---- RECORDED DATA
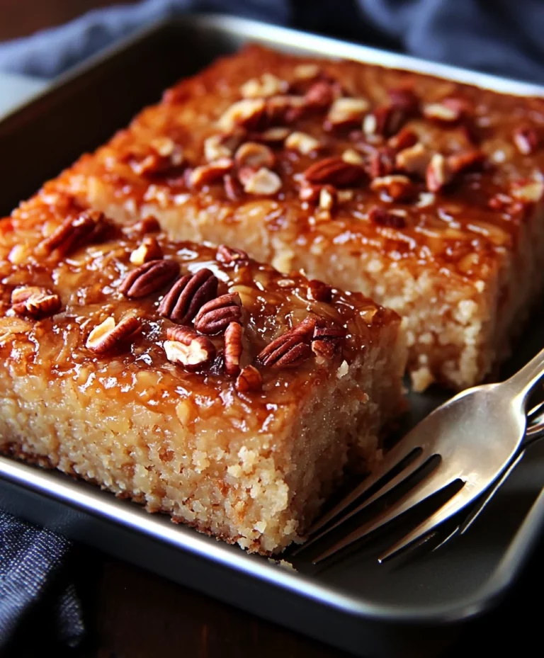 This old-fashioned Granny Cake combines the simplicity of crushed pineapple with the irresistible crunch of toasted coconut and nuts, all crowned with a sweet caramel glaze. The golden topping adds a delightful texture and flavor, making every bite a heavenly treat.
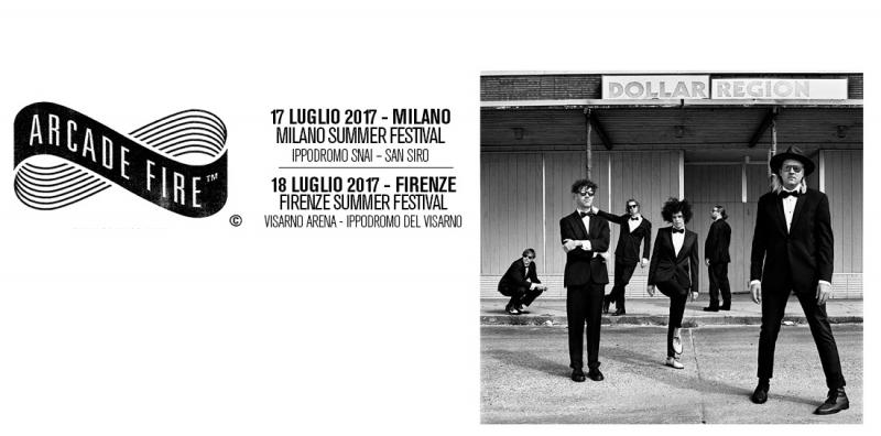 Milano, 13 febbraio 2017. Gli Arcade Fire tornano in Italia per due date imperdibili a tre anni dall’ultimo trionfale tour del precedente album “The Reflektor”. La band capitanata da Win Butler e Régine Chassagne sarà in concerto lunedì 17 luglio al Milano Summer Festival (Ippodromo SNAI - San Siro) e martedì 18 luglio al Firenze Summer Festival alla Visarno Arena (Ippodromo del Visarno – Firenze).
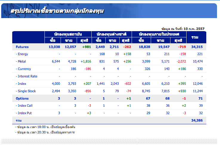 สรุปยอดTFEX 22/1/57 สถาบันLong หรั่ง+เม่าShort
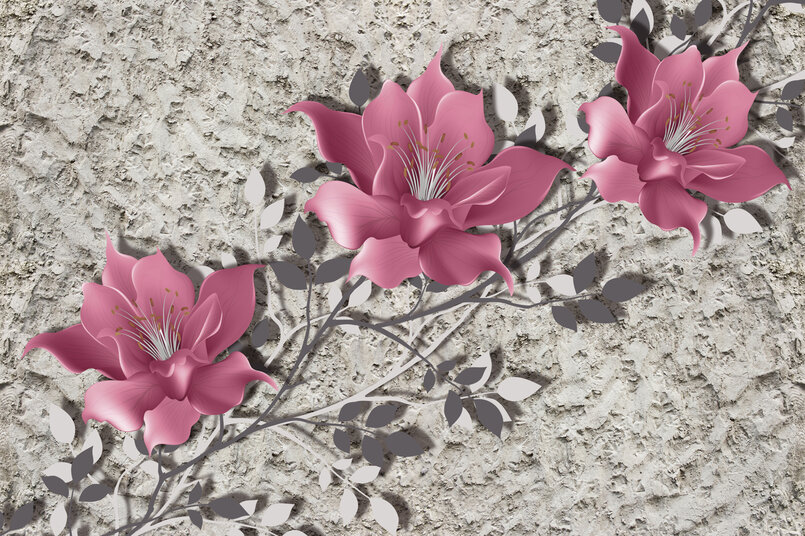 3D Магнолии на сером фоне Артикул: FS_457
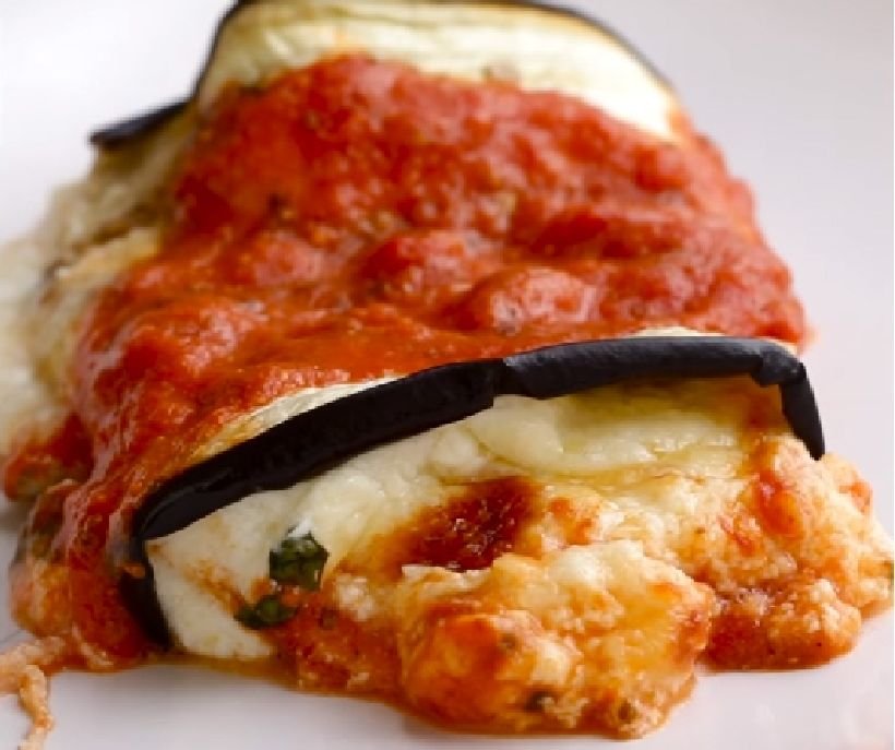 Elkészítés: a padlizsánokat késsel vagy zöldséggyaluval hosszában kb. 3 mm-es szeletekre vágjuk. Serpenyőben (vagy akár grillen is mehet) a padlizsánok mindkét oldalát átsütjük, mindegyik adag előtt cseppnyi olajat vagy vajat téve a serpenyőbe, amíg enyhén áttetszős, rózsaszínes-halványbarnásra sülnek. Papírtörlőre kiszedjük, és hűlni hagyjuk, ezalatt tekerhetővé is puhulnak. A zöldségeket apróra vágjuk, majd (a paradicsomot lehetőleg a lédúsabb belső magrész nélkül) aprítógépben kissé pépesre aprítjuk, hozzáadjuk a fűszereket. Szitán lecsorgatjuk, illetve kicsit kinyomkodjuk, mert a paradicsom sok levet ereszt. A padlizsánszeleteket megkenjük a zöldségkrémmel, egyik végükbe teáskanálnyi krémsajtot teszünk, és feltekerjük. Jénaiba vagy tepsibe tesszük, és sütőben átsütjük, bár ez a lépés akár el is hagyható. (www.nosalty.hu)
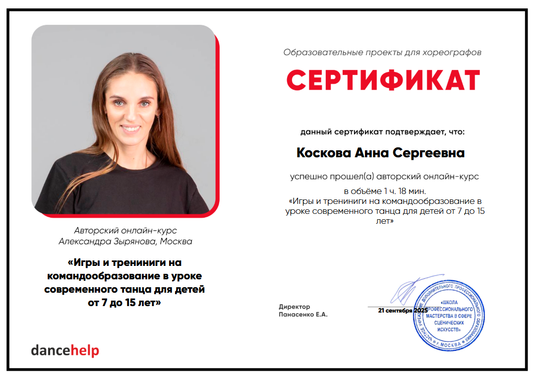 Оба урока входят в полный комплект онлайн-уроков А. Зыряновой — Альтернативные подходы к современному танцу для школьников: игровые технологии, кроссы, импровизация, командообразование
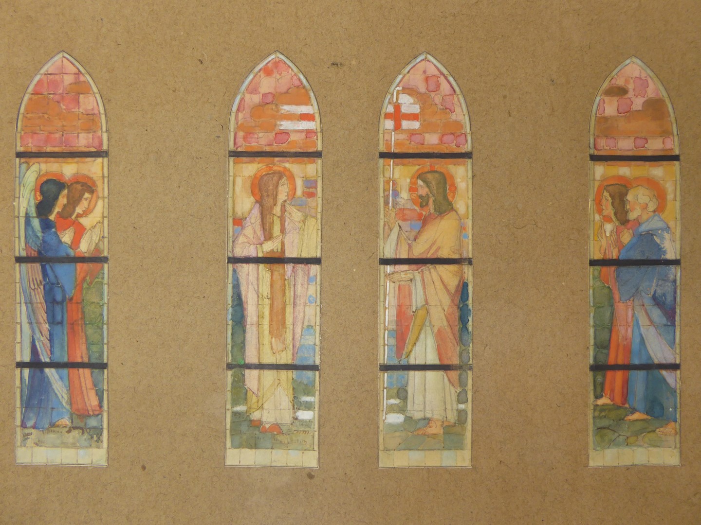 Ontwerp vier glasramen met Christus, Maria Magdalena, Petrus en Johannes en twee engelen (Utrecht, St. Ludgeruskerk)
--------
AIM OF THE EXERCISE:
Each record should appear again exactly as it stands, with no picture included.

TASK RESULT:
 This old-fashioned Granny Cake combines the simplicity of crushed pineapple with the irresistible crunch of toasted coconut and nuts, all crowned with a sweet caramel glaze. The golden topping adds a delightful texture and flavor, making every bite a heavenly treat.
 Milano, 13 febbraio 2017. Gli Arcade Fire tornano in Italia per due date imperdibili a tre anni dall’ultimo trionfale tour del precedente album “The Reflektor”. La band capitanata da Win Butler e Régine Chassagne sarà in concerto lunedì 17 luglio al Milano Summer Festival (Ippodromo SNAI - San Siro) e martedì 18 luglio al Firenze Summer Festival alla Visarno Arena (Ippodromo del Visarno – Firenze).
 สรุปยอดTFEX 22/1/57 สถาบันLong หรั่ง+เม่าShort
 3D Магнолии на сером фоне Артикул: FS_457
 Elkészítés: a padlizsánokat késsel vagy zöldséggyaluval hosszában kb. 3 mm-es szeletekre vágjuk. Serpenyőben (vagy akár grillen is mehet) a padlizsánok mindkét oldalát átsütjük, mindegyik adag előtt cseppnyi olajat vagy vajat téve a serpenyőbe, amíg enyhén áttetszős, rózsaszínes-halványbarnásra sülnek. Papírtörlőre kiszedjük, és hűlni hagyjuk, ezalatt tekerhetővé is puhulnak. A zöldségeket apróra vágjuk, majd (a paradicsomot lehetőleg a lédúsabb belső magrész nélkül) aprítógépben kissé pépesre aprítjuk, hozzáadjuk a fűszereket. Szitán lecsorgatjuk, illetve kicsit kinyomkodjuk, mert a paradicsom sok levet ereszt. A padlizsánszeleteket megkenjük a zöldségkrémmel, egyik végükbe teáskanálnyi krémsajtot teszünk, és feltekerjük. Jénaiba vagy tepsibe tesszük, és sütőben átsütjük, bár ez a lépés akár el is hagyható. (www.nosalty.hu)
 Оба урока входят в полный комплект онлайн-уроков А. Зыряновой — Альтернативные подходы к современному танцу для школьников: игровые технологии, кроссы, импровизация, командообразование
 Ontwerp vier glasramen met Christus, Maria Magdalena, Petrus en Johannes en twee engelen (Utrecht, St. Ludgeruskerk)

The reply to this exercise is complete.